- _Data_
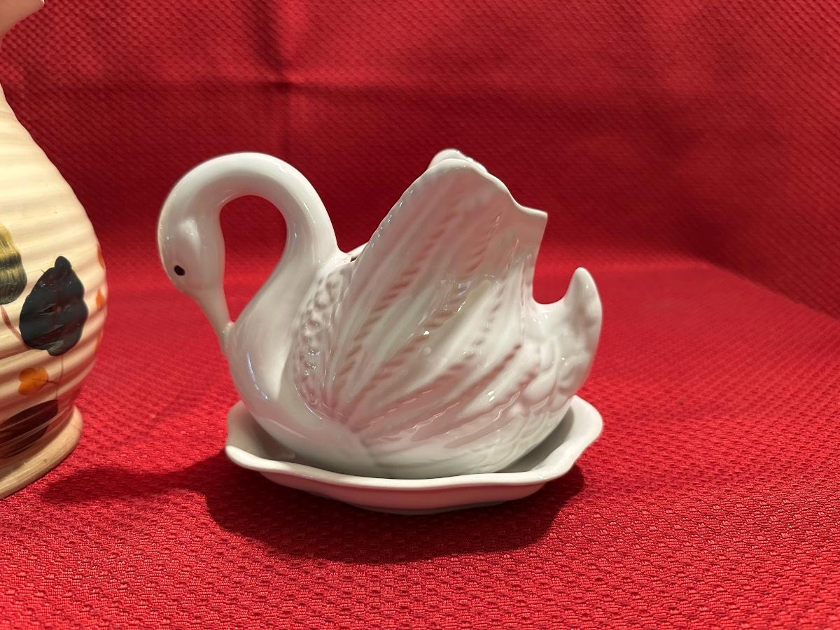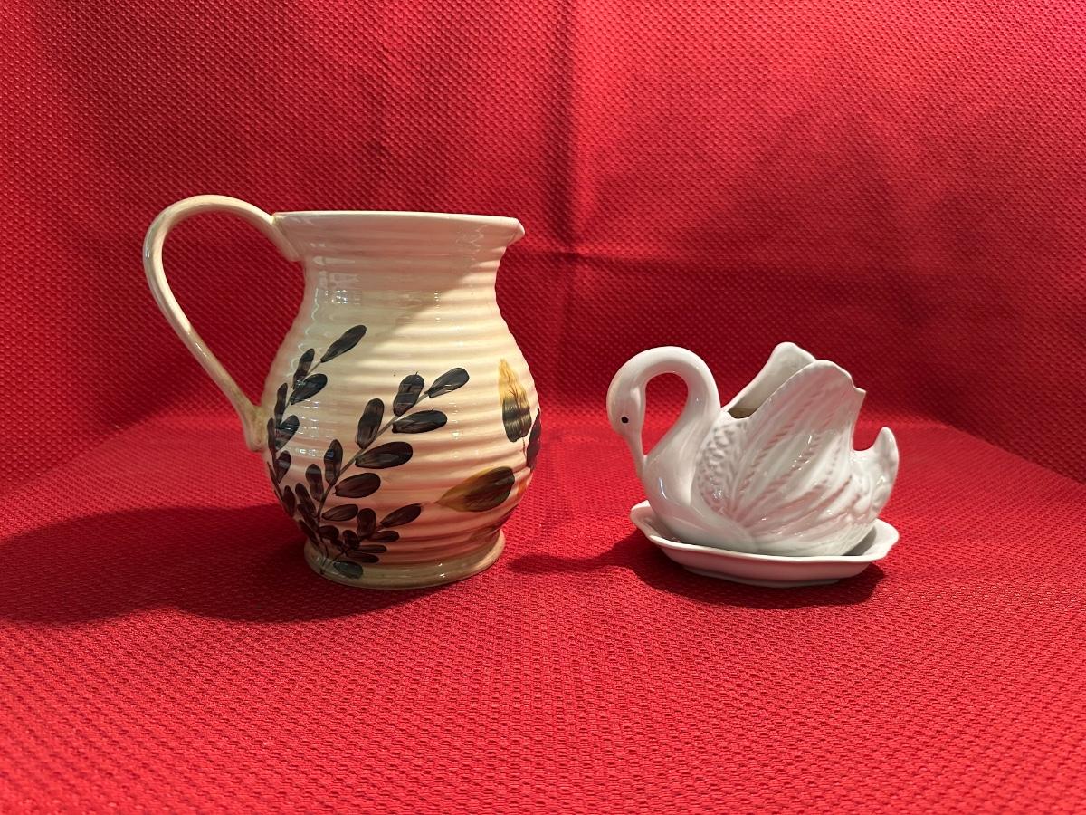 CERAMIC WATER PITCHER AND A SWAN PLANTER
* * *
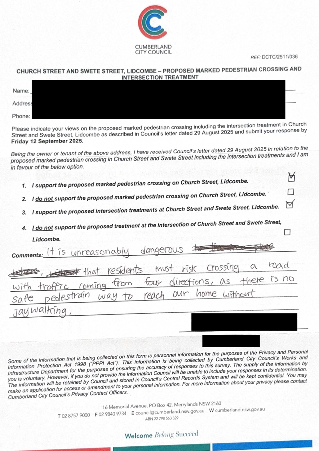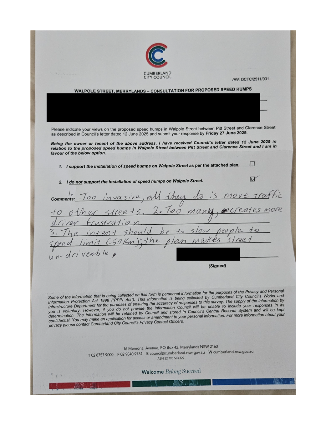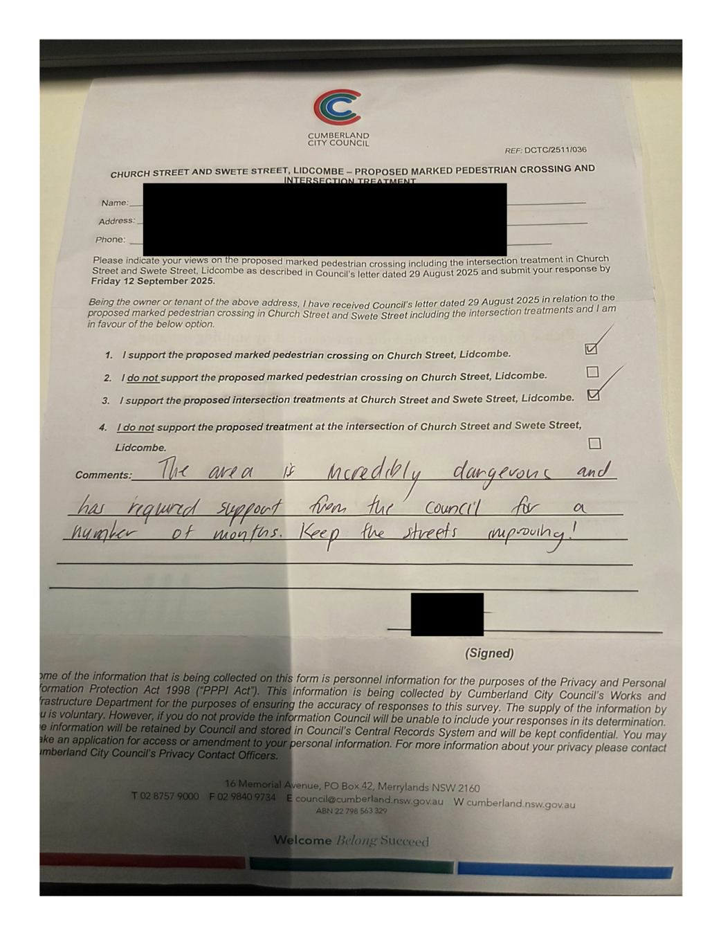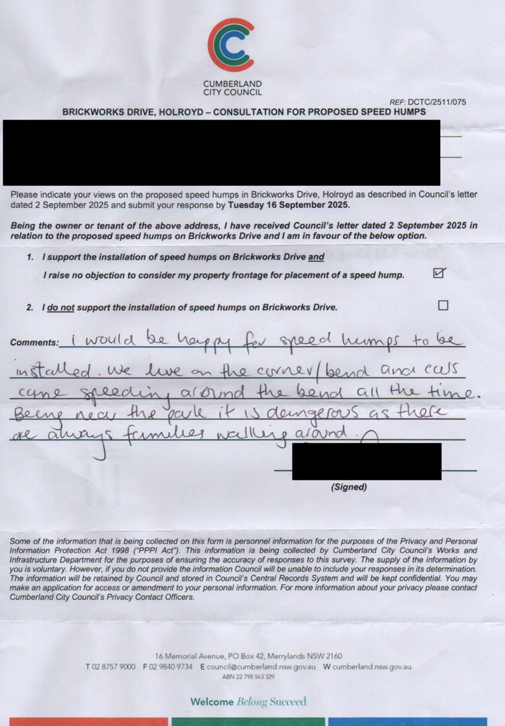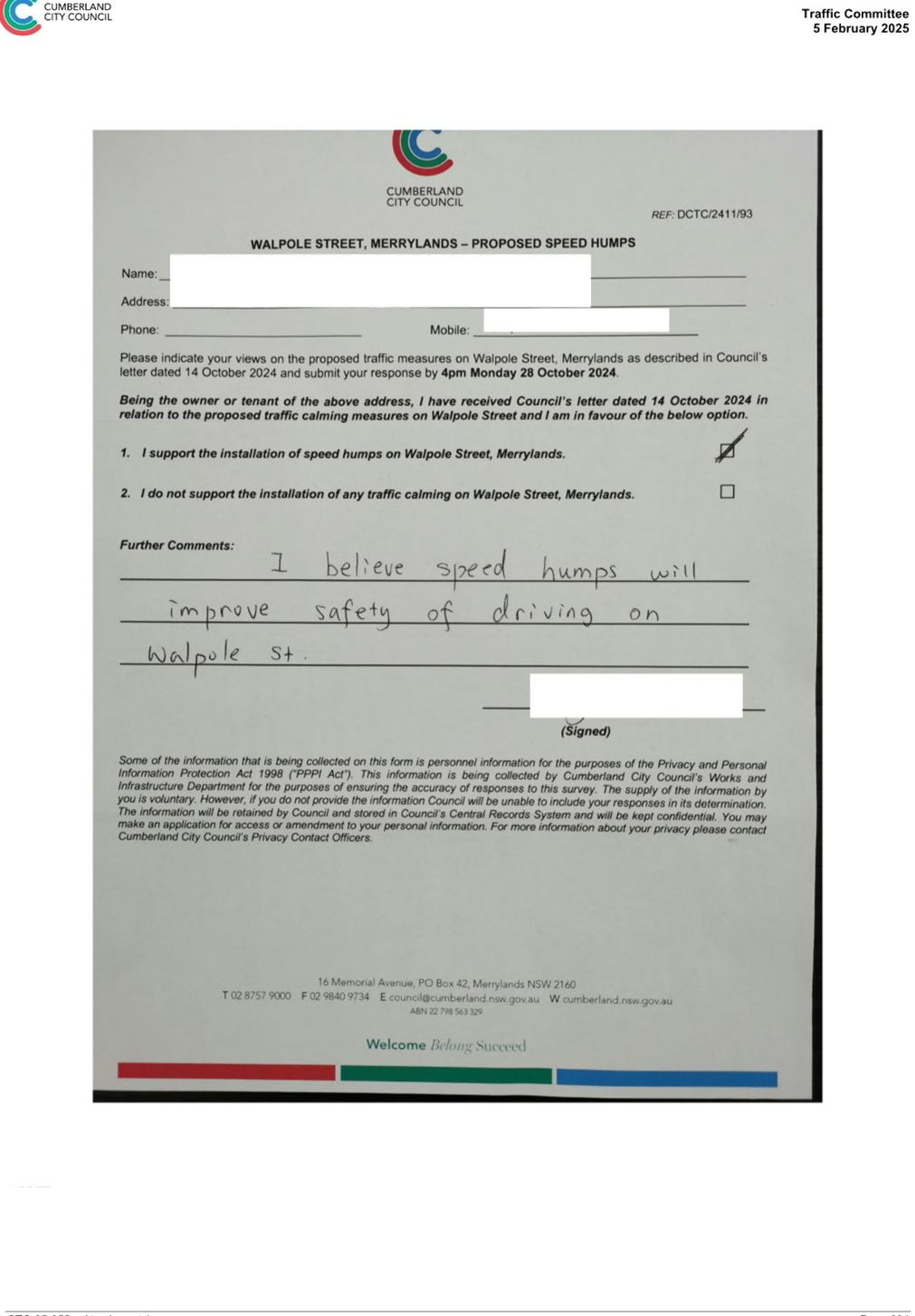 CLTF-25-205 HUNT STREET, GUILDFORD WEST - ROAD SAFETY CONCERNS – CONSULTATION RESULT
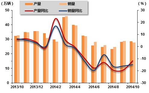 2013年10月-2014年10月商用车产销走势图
==
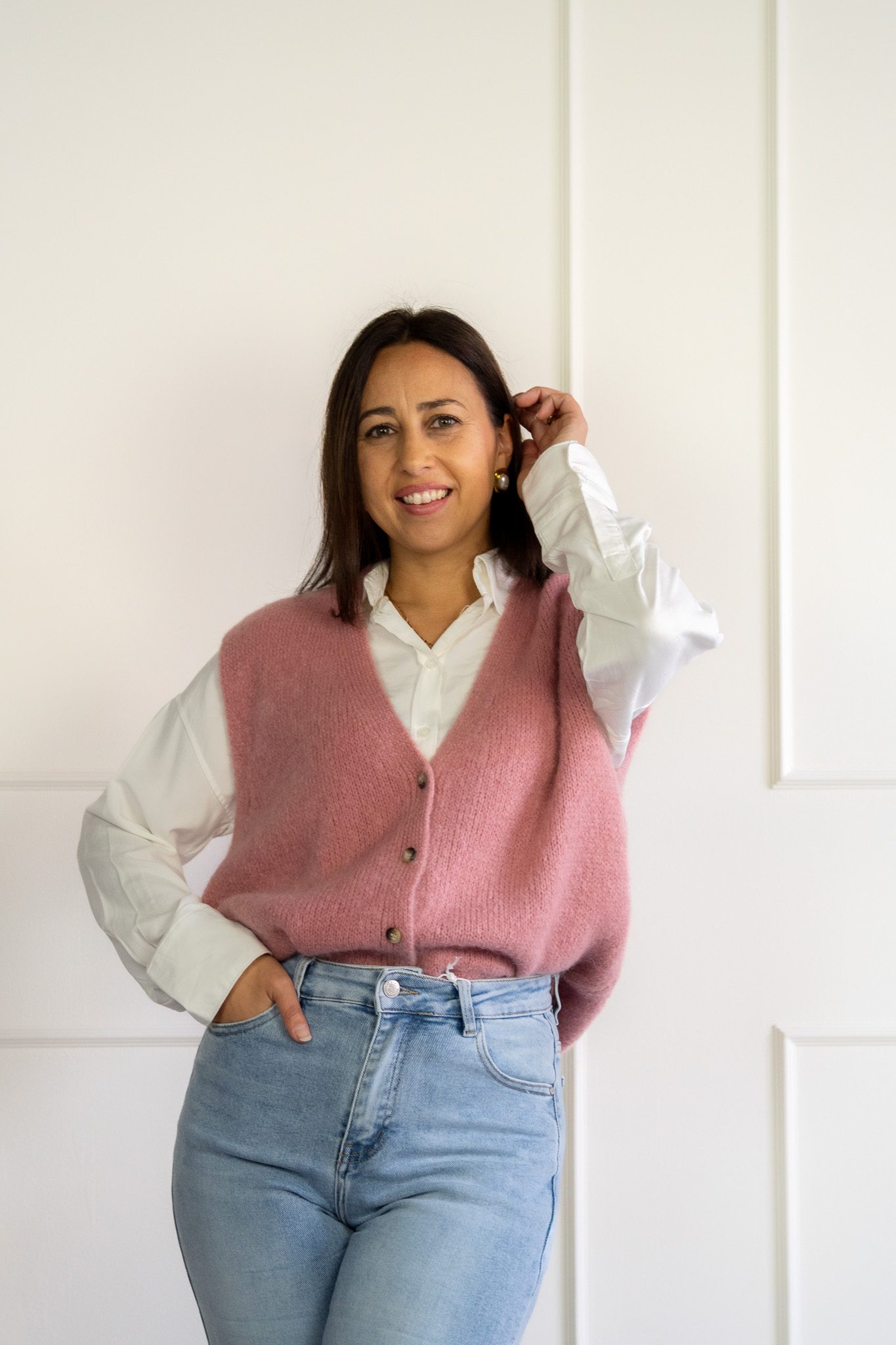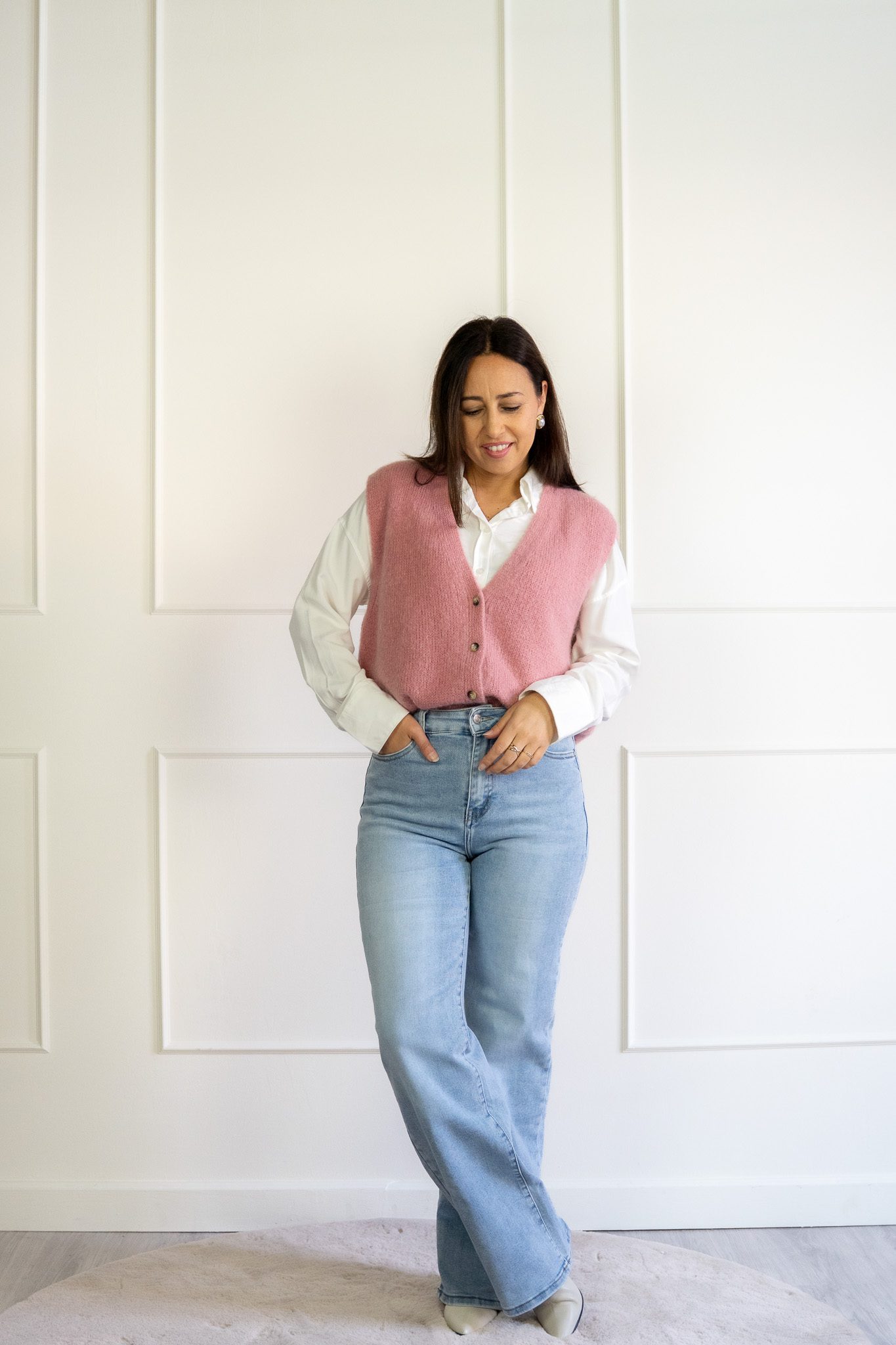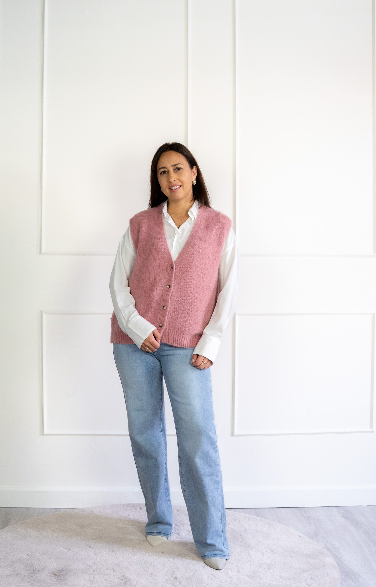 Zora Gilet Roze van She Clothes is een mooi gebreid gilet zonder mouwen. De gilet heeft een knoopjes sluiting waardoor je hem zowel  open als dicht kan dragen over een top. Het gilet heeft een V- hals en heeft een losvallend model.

- _Problem to solve_
Looking above, find the stretch of lines that opens with the one holding "CLTF-25-205 HUNT STREET, GUILDFORD" and closes with the one holding "2013年10月-2014年10月商用车产销走势图". Copy it exactly, pictures excluded.

- _Expected output_
 CLTF-25-205 HUNT STREET, GUILDFORD WEST - ROAD SAFETY CONCERNS – CONSULTATION RESULT
 2013年10月-2014年10月商用车产销走势图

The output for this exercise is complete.